Любимцы наших дней, счастливцы в нашем стане

Приучены держать судьбу в своем кармане,

Им вера, им почет — в наследство от отца.

Что ни начнут они — доводят до конца.

Ты скажешь: «А тогда хватай удачу с тыла,

Тебя-то ведь судьба частенько обходила,

Днюй в Лувре и ночуй, забудь и спать и есть,

Угодничай и льсти, чтоб в кабалу залезть.

Где надо, снагличай, ничто не будет втуне,

Бесстыдство в наши дни способствует фортуне».

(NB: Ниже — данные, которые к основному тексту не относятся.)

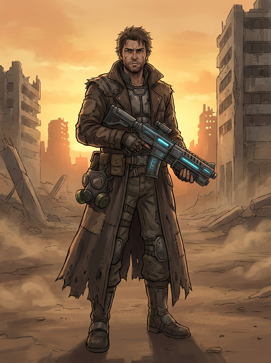 A rugged anime survivor in a desolate wasteland, gripping a futuristic rifle. The character wears a tattered long coat with a gas mask hanging from his belt. The background features crumbling buildings and a glowing orange sky, evoking a dystopian feel. The style is in anime illustration.
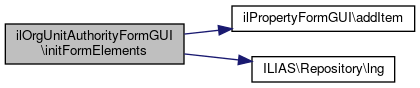 Here is the call graph for this function:| ilOrgUnitAuthorityFormGUI::initFormElements | ( | ) |

Ты прав, маркиз, и все ж, господь оборони,

Чтоб в рабство угодить, на это тратить дни,

Опять искать свой путь и новым капитаном

Потрепанный корабль вести к безвестным странам,

Но, чувствуя в душе то мужество, то страх,

Надежду потопить в неведомых морях.

Меж звезд и титулов наш долг, по их закону,

Меняться что ни час под стать хамелеону,

Там человечностью закон похвастать рад,

Но разницу забыв возмездий и наград,

За те же промахи, привычке верен старой,

Одних он милует, других встречает карой.

Богат ли, знатен ли, силен ли, с кем знаком —

Вот что руководит в решениях судом.

Я этим короля не оскорбил нимало:

Король — податель благ, они его зерцало,

По добродетелям, по сердцу, по уму

Он словно сам Господь и следует ему.

Но твой совет, маркиз, придворным нарядиться

С моим характером, ну право, не годится,

Тут знания нужны, притворство, хитрость, ум,

Я часть открыл тебе моих жестоких дум,

Но нрав мой не таков, ведь я меланхоличен,

Не вкрадчив, к болтовне салонной не привычен,

Я добряком слыву, и в этом есть упрек,

Но я не так умен, чтоб злым считаться мог.

Я не умею быть угодливым и льстивым,

Уж видно, слеплен так, что стал вольнолюбивым,

И, как простой мужик, не знаю, где смолчать,

А где поддакивать, чтоб власть не возмущать,

Как с фаворитами играть в лакейской роли,

Их предков восхвалять и бой под Серизолли,[447]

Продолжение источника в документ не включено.